Gummo
nous a laissés choir sur le bord de l'autoroute du soleil
jauni du septième art. Julien Donkey boy nous
cueille à point pour la gerbe d'après insolation,
d'après surexposition. Le géniteur de Kids,
ce film qui nous veut vraiment du bien, lui, nous botte le postérieur,
nous fait vaciller de notre foutu trône de certitudes
fictives, réelles par extension. Il effectue son job
plus que convenablement. Avec un poing américain en guise
de caméra. Il en va de même ces temps-ci pour l'archi-attaqué,
parce que très irrespectueux des lois du milieu, Lars
Von (Trier). Depuis Cannes, où Dancer in the dark
a été palmé d'or en mai dernier, une poignée
de petits soldats servant a priori la cause de l'outrance formelle
et de la bousculade des codes (en général, ils
n'ont pourtant guère, et à raison cette fois,
braillé des louanges sur le compte de Harry, le
movie mou de Moll) mitraillent le danois mal poli. Et pourtant,
l'impolitesse et l'irrévérence sont des traits
de caractère qui, quand ils sont utilisés avec
intelligence, se révèlent être des attributs
olympiques. La fronde s'est donc organisée.
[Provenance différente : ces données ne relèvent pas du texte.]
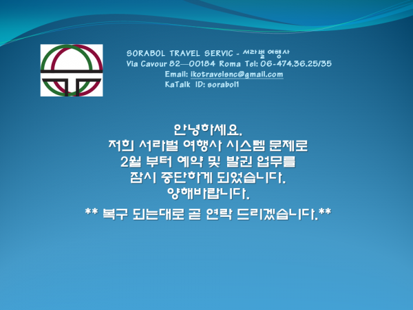 잠시 여행사 업무를 중단하게 되었음을 알려드립니다.
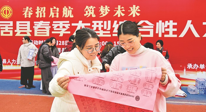 2月28日,求职者在浙江省台州市仙居县春季大型综合性人才招聘会上了解就业信息。当日,仙居县总工会、县人社局联合在该县红旗广场举行春季大型综合性人才招聘会,当地160多家优质企业提供3500多个职位。本报通讯员 王华斌 摄
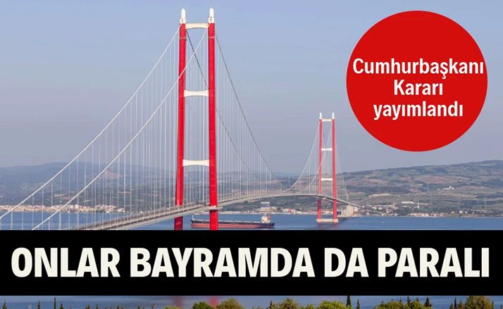 Buna göre, bayram tatili dolayısıyla KGM'nin sorumluluğu altında bulunan otoyollar ile 15 Temmuz Şehitler ve Fatih Sultan Mehmet köprüleri, ücretsiz hizmet verecek.

Au sein des
différentes équipes de rédaction, y compris
la nôtre, la colère est montée crescendo.
Les clans se sont petit à petit formés. Les pro
et les anti pour simplifier.
Et la meute belliqueuse
d'aboyer des sentences ultimes telles que : "Lars Von Trier
est un salaud". C'est leur plus grand droit. C'est aussi
leur choix. Le "salaud" en question se voyant ravaler
la façade sémantique par le terme de "manipulateur".
Question : que demandons-nous, qu'exigeons-nous d'un cinéaste
si ce n'est de nous tendre la corde, de nous pointer un revolver
sur la tempe? De nous manipuler et de nous faire chanter ("tu
me suis dans ma démarche, ou je te flingue")? Précision
: il n'est pas question de se pâmer benoîtement
devant la comédie musicale de Lars Von Trier dont certains
organes sont, nous devons le reconnaître, atteints par
une encéphalopathie spongiforme pudique et puritaine.
Inciter le spectateur à la pendaison filmique - ledit
spectateur, est-il nécessaire de le rappeler, n'est
pas sanglé par une œuvre : il peut se libérer
à sa guise de ce qu'il pourrait considère comme
une prise en otage frictionnelle si ce qu'il voit outrepasse
ses principes existentiels (ou déontologiques s'agissant
d'un critique) - est un acte salutaire. A sa façon,
sans doute un chouya surestimée, l'instigateur du Dogme
95 propose une alternative à l'inquiétante anorexie
narrative, à la stupéfiante disette diégétique
alimentée par bon nombre de ses collègues qui
eux-mêmes, à l'exception récente de la
jeune Coppola, du somptueux Desplechin et de l'irruption imminente
du duo épineux Obadia-Chervier avec l'hormonal Du
poil sous les roses, s'embourgeoisent dans des schémas
rodés, petitement huilés. Prière de clouer
le bec à la dissidence, à la contestation des
paradigmes.
Dancer in the dark s'extrait du troupeau. Forcément,
ça emmerde car, pour peu qu'on ait le courage de remiser
ses acquis sur l'histoire de Selma (le personnage de Björk)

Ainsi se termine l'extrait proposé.